Mars Rover Opportunity Gets Green Light To Enter Crater

MEDIA RELATIONS OFFICE JET PROPULSION LABORATORY CALIFORNIA INSTITUTE OF TECHNOLOGY NATIONAL AERONAUTICS AND SPACE ADMINISTRATION
PASADENA, CALIFORNIA 91109. TELEPHONE (818) 354-5011 http://www.jpl.nasa.gov
Guy Webster (818) 354-6278 Jet Propulsion Laboratory, Pasadena, Calif.
Donald Savage (202) 358-1547 NASA Headquarters, Washington, D.C.
NEWS RELEASE: 2004-142 June 4, 2004
Mars Rover Opportunity Gets Green Light To Enter Crater
NASA has decided the potential science value gained by sending Opportunity into a martian impact crater likely outweighs the risk of the intrepid explorer not being able to get back out.
Opportunity has been examining the rim of the stadium-sized "Endurance Crater" since late May. The rover team used observations of the depression to evaluate potential science benefits of entering the crater and the traversability of its inner slopes.

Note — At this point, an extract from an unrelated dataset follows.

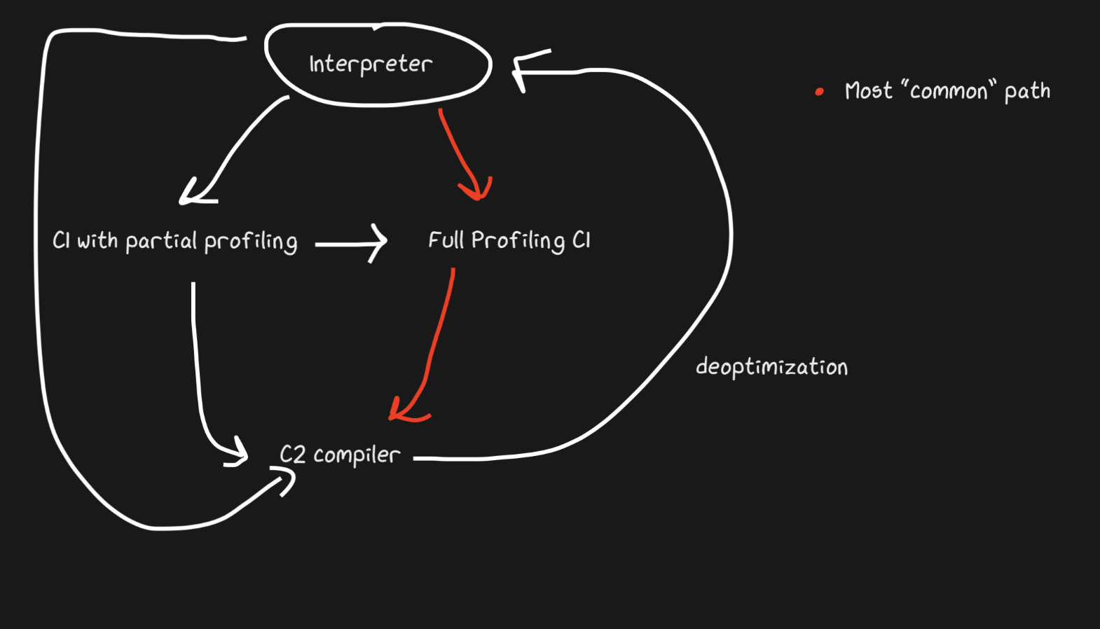 Hotspot is a tiering JIT, with two compilers; C1 and C2. The C1 compiler will kick in first and do a quick compile and run then run full profiling to get C2 compiled code. This can help clear up a lot of our concerns with warmup. Unoptimized compiled code is still faster than interpreting and aquiring that unoptimized compiled code is faster. Another fancy thing is that not all code will be compiled by C1 and C2. If a function is deemed trivial enough, it's very likely that optimized C2 output will not be helpful and no attempt will be made (and profiling time is saved!). If perhaps C1 is busy compiling, then the profiling can continue and skip C1 to be compiled by C2 directly.

The soonest Opportunity could enter Endurance is early next week. It will drive to the top of a prospective entry-and-exit route on the southern edge of the crater and make a final check of the slope. If the route is no steeper than what recent testing runs at NASA's Jet Propulsion Laboratory, Pasadena, Calif., suggest a rover can climb, controllers plan to radio Opportunity the command to go into the crater.
"This is a crucial and careful decision for the Mars Exploration Rovers' extended mission," said Dr. Edward Weiler, NASA's associate administrator for space science. "Layered rock exposures inside Endurance Crater may add significantly to the story of a watery past environment that Opportunity has already begun telling us. The analysis just completed by the rover team shows likelihood that Opportunity will be able to drive to a diagnostic rock exposure, examine it, and then drive out of the crater. However, there's no guarantee of getting out again, so we also considered what science opportunities outside the crater would be forfeited if the rover spends its remaining operational life inside the crater."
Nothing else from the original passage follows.